Стоял теплый майский день, тебе было тогда чуть больше пяти. Мы отправились в поход на близлежащие горы. Была с нами Мака, твоя двоюродная сестра, на год старше тебя. Вы бегали, собирали цветы, смеялись. И вдруг умолкли. Я увидел вас сидящими на корточках, вы что-то внимательно рассматривали. Я подошел. На стебельке полевого цветка сидел кузнечик, прозрачно-зеленый, с тоненькими длинными крылышками, с усиками. Он неожиданно раскрыл крылышки и сделал длинный скачок. Вы весело погнались за ним и опять, сидя на корточках, долго изучали его. Он, видимо, решил поиграть с вами: скок — и вы за ним, опять скок — и опять вы за ним. Вместе с кузнечиком вы бегали по всему полю и смеялись.
Наконец, кузнечик сел на асфальтированную дорогу. Теперь мы втроем окружили его.
— Какой ты красивый… Что ты ищешь? — начала задавать ему вопросы Мака. Но кузнечик раскрыл крылышки и собрался было сделать прыжок, как ты ни с того ни с сего накрыл его ногой. Мака вскрикнула:
— Не смей!
Ты поднял ногу — и мы увидели раздавленного кузнечика.
— Зачем ты это сделал? — сказала Мака, обиженная до слез. Ты молчал.
— Да, сегодня мама уже не дождется своего кузнечика. Она, наверное, будет горько плакать! — Я был огорчен, но не бранил тебя. — Кузнечик уже никогда не будет прыгать и шалить… И цветы напрасно будут его ждать!..

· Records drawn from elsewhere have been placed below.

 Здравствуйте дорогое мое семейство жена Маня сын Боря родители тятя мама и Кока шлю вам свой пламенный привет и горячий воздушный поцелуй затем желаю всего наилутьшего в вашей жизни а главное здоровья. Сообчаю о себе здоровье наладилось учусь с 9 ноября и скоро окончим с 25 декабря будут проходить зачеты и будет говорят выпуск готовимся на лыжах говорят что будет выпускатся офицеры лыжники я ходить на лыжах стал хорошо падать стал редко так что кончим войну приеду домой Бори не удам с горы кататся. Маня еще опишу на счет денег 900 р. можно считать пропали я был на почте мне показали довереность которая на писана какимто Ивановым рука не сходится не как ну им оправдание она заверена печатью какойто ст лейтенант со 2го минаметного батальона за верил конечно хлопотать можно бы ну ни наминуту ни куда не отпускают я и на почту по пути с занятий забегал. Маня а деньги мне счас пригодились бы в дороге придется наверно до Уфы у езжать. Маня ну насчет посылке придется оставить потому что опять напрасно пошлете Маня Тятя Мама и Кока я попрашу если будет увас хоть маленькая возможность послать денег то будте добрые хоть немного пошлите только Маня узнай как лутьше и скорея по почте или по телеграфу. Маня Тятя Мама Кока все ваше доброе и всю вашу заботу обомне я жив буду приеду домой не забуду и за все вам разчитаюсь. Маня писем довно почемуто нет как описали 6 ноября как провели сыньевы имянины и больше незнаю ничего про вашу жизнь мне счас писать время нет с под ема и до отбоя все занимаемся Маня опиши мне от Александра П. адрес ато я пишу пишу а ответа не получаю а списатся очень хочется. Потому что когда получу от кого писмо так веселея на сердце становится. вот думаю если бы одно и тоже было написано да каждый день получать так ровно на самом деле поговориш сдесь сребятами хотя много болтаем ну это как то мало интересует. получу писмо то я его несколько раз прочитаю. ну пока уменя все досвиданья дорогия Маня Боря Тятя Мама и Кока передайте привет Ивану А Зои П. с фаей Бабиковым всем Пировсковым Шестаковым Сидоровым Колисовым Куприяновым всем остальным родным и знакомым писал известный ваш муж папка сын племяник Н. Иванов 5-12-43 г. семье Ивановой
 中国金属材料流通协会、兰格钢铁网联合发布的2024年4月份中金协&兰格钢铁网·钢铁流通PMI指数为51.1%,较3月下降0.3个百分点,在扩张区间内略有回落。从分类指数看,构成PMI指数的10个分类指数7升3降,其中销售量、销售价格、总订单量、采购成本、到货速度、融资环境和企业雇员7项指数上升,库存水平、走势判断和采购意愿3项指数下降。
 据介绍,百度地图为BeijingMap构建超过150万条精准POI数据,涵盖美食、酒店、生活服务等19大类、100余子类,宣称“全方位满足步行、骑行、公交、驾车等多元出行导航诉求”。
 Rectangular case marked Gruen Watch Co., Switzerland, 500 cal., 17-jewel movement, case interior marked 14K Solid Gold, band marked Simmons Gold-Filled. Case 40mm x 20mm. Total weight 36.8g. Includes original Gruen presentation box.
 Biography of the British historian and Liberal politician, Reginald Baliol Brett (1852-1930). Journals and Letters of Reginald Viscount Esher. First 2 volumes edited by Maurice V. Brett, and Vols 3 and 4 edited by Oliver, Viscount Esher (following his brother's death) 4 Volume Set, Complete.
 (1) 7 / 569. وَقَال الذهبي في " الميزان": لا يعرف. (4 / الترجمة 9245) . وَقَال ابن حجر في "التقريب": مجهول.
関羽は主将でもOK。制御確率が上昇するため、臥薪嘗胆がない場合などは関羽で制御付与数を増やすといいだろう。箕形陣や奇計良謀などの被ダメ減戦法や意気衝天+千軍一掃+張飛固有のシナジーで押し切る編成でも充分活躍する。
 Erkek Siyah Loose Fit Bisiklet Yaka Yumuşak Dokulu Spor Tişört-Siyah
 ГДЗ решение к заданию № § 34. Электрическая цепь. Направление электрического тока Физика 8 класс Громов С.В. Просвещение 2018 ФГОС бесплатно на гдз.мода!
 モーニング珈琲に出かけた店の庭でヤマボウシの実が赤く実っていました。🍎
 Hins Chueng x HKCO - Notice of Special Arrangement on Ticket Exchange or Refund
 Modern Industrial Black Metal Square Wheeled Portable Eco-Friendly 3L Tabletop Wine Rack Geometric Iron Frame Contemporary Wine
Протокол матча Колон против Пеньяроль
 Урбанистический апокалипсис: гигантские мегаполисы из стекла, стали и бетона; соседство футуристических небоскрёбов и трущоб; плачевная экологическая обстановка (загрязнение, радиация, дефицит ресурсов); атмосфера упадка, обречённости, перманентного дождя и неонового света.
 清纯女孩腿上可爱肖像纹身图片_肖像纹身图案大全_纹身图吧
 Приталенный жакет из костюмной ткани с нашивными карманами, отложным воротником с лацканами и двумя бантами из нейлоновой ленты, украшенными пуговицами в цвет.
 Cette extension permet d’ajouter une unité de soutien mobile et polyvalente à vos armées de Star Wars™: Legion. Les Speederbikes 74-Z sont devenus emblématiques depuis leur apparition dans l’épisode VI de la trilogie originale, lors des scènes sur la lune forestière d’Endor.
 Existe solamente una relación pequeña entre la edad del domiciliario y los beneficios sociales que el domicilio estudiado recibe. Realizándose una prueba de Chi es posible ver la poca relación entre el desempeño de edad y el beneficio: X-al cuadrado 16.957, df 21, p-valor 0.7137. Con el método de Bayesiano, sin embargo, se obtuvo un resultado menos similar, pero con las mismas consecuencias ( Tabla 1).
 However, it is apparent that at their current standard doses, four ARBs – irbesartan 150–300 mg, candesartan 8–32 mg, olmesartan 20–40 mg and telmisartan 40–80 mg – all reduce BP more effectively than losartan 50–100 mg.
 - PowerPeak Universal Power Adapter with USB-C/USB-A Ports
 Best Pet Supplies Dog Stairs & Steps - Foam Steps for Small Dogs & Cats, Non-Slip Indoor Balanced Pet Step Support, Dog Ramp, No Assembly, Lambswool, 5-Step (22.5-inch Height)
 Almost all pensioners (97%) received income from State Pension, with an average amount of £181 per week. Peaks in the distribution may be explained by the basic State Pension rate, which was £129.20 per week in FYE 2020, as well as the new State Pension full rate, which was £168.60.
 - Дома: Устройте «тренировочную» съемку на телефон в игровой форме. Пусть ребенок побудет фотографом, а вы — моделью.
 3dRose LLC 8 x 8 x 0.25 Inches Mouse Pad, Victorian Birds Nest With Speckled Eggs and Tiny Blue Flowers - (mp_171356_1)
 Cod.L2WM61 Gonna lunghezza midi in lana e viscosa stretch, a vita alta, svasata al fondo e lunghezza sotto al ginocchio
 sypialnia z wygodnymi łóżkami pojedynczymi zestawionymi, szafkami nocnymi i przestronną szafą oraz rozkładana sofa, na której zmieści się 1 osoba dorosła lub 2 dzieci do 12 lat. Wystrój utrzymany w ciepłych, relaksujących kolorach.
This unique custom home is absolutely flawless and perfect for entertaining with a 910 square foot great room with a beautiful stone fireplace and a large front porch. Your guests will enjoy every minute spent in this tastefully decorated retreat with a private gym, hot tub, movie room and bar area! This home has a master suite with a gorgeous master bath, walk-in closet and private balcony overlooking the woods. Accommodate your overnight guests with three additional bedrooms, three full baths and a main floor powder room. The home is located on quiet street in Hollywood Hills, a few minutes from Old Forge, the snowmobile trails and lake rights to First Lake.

Мы поднялись и пошли дальше. Я предложил вам сесть в тени под деревом и позавтракать. И как будто все уже было позади, как ты вдруг вскочил и побежал обратно на дорогу. Ты сел на колени перед кузнечиком, лежавшим на асфальте. „Кузнечик больше не будет прыгать… Мне жаль кузнечика…“ Ты рыдал. Мака успокаивала тебя, но ты не слушал ее. „Почему я раздавил кузнечика?.. Мне жалко его… Пусть он живет…“
Я еще не видел такого обилия слез, не слышал, чтобы ты когда-нибудь так плакал. Мне действительно было очень жаль кузнечика, но я радовался твоим горьким слезам, слезам сожаления. „Ничего, сынок, плачь… Может быть, именно сейчас в тебе рождается человек!“
Ты сожалел о своем поступке, ты хотел вернуть время назад, чтобы исправить свершенное. И я думаю, что только в том сердце может поселиться бескорыстное чувство сопереживания, в котором уже возникло раскаяние в своих необдуманных поступках, чувство вины, чувство ответственности.
В доме суета. Завтра первое сентября, и ты пойдешь в школу, в подготовительный класс для шестилеток. Бабушка заканчивает гладить твою рубашку и короткие штанишки, мама собирается выкупать тебя, готовит ванну. Нина не отходит от тебя и умоляет взятьее с собой в школу.
Ты важничаешь. Еще бы! Ведь в школу пойдешь ты, а не кто другой из нашего дома.
— Какое стихотворение ты расскажешь, если предложит учительница? — спрашивает мама. У тебя наготове два-три десятка стихотворений.
— А если будете рисовать, то нарисуй закат солнца. Это у тебя хорошо получается. — Бабушка уверена в этом.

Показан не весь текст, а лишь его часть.